Jeanne Novak BS’81, PhD’87, founder and CEO of CBR, had just returned from the World Health Organization meeting on the emergency. She and her team had been working with Mapp Biopharmaceutical Inc., the San Diego-based maker of ZMapp, a treatment for Ebola that had still not completed its trials in animals, let alone humans. 8

Wisconsin-born, Novak was admitted to West Point Academy after high school graduation. She moved to Utah shortly thereafter where she completed her bachelor’s in biology at the U, followed by a PhD in Experimental Pathology (Cell Biology and Immunology). Also, in 1979 she became the first female ROTC Battalion Commander (Army) in the state of Utah. She founded CBR (originally Colorado BioReg) in 1999. That Novak—author, lecturer and development advisor to industry as well as governments worldwide—is a scientist first both determines the direction and creates the culture of CBR. She credits U Biology for her enduring ethic, deeply-rooted in basic science and the empirical method, for her success as an internationally-recognized authority in the biotechnology and pharmaceutical industries. “You don’t realize until you’re really out there, and you look back and you’re in the environment with other scientists just how great an education I received [at the U],” she says.
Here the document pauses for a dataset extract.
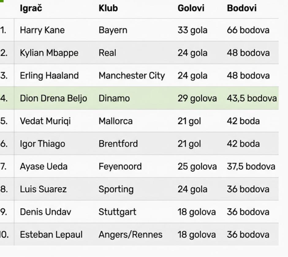 Beljo je tako, unatoč 29 golova, na 43,5 bodova. Harry Kane, koji je za Bayern zabio 33 gola, ima 66 bodova jer se Bundesligin koeficijent množi s dva. Ispred Belje su i Kylian Mbappé te Erling Haaland, koji imaju manje golova od njega, ali im svaki pogodak zbog jačine lige vrijedi više. Obojica su na 48 bodova.
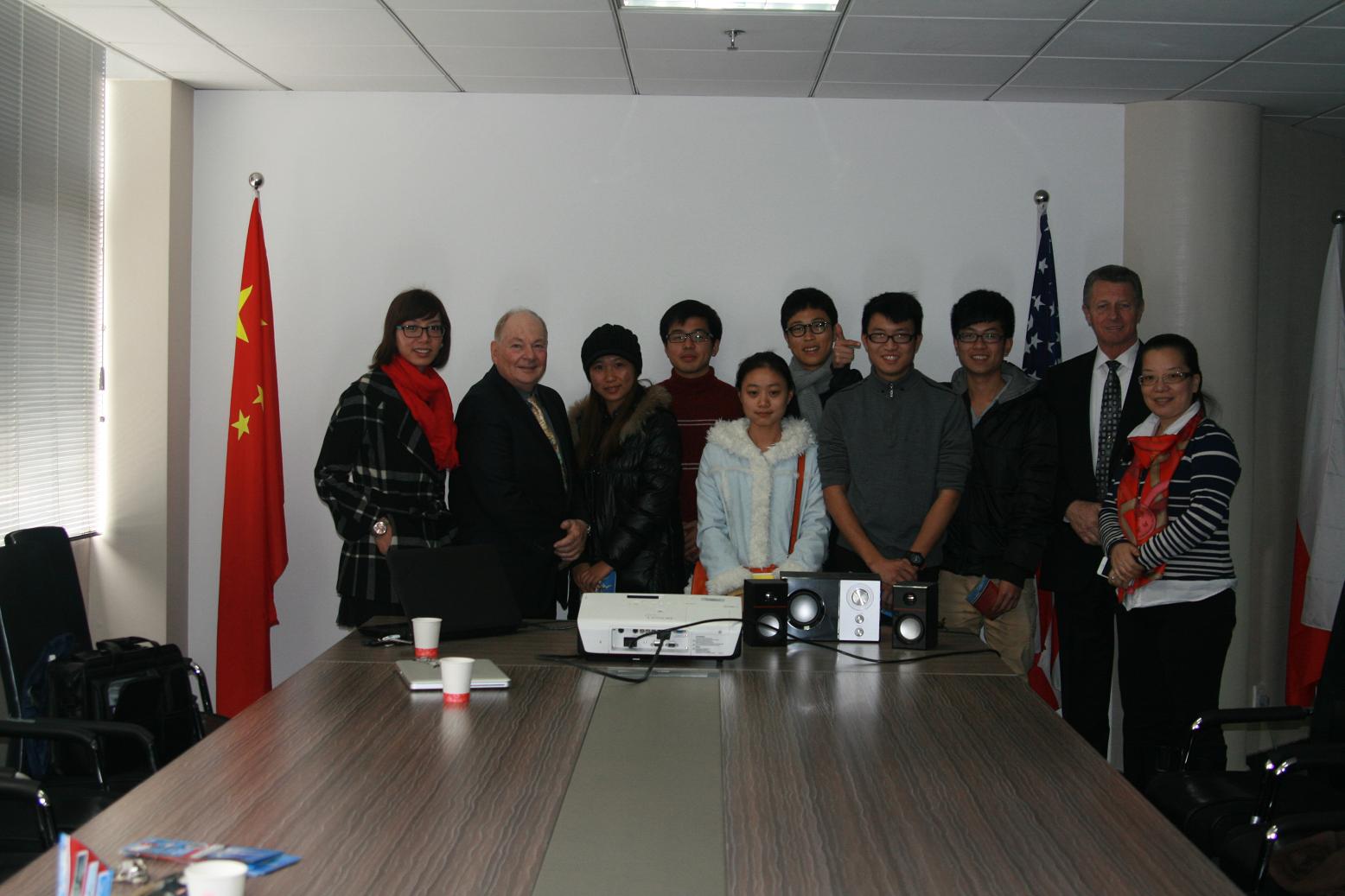 2014年1月10日,美国道林大学航空学院副院长Thomas Daly一行来访beat365中文官方网站,参观了学校校史馆、发绣馆、国际合作学院和机电学院实验室,并向在校师生展现了飞行的魅力。

As a grad student “many times the reason I even knew about other departments was that we had joined them in seminars and classes that we got to take as


undergraduates… with faculty like Don Summers, [Nobel laureate] Mario Capecchi and [Department Chair] Gordon Lark.” In what is now the School of Biological Sciences Novak learned how to reflexively interrogate her assumptions, even her own empirically-driven findings. Typically as an undergrad “there are courses you take, there’s regurgitation, you move through it, you’re motivated by grades. But that wasn’t the sense I got there… . Consistently, the theme was to learn how to think.” She identifies the way the School’s curriculum was developed and organized, the lab courses offered, the fact that there was “no skimping… It was second to none.”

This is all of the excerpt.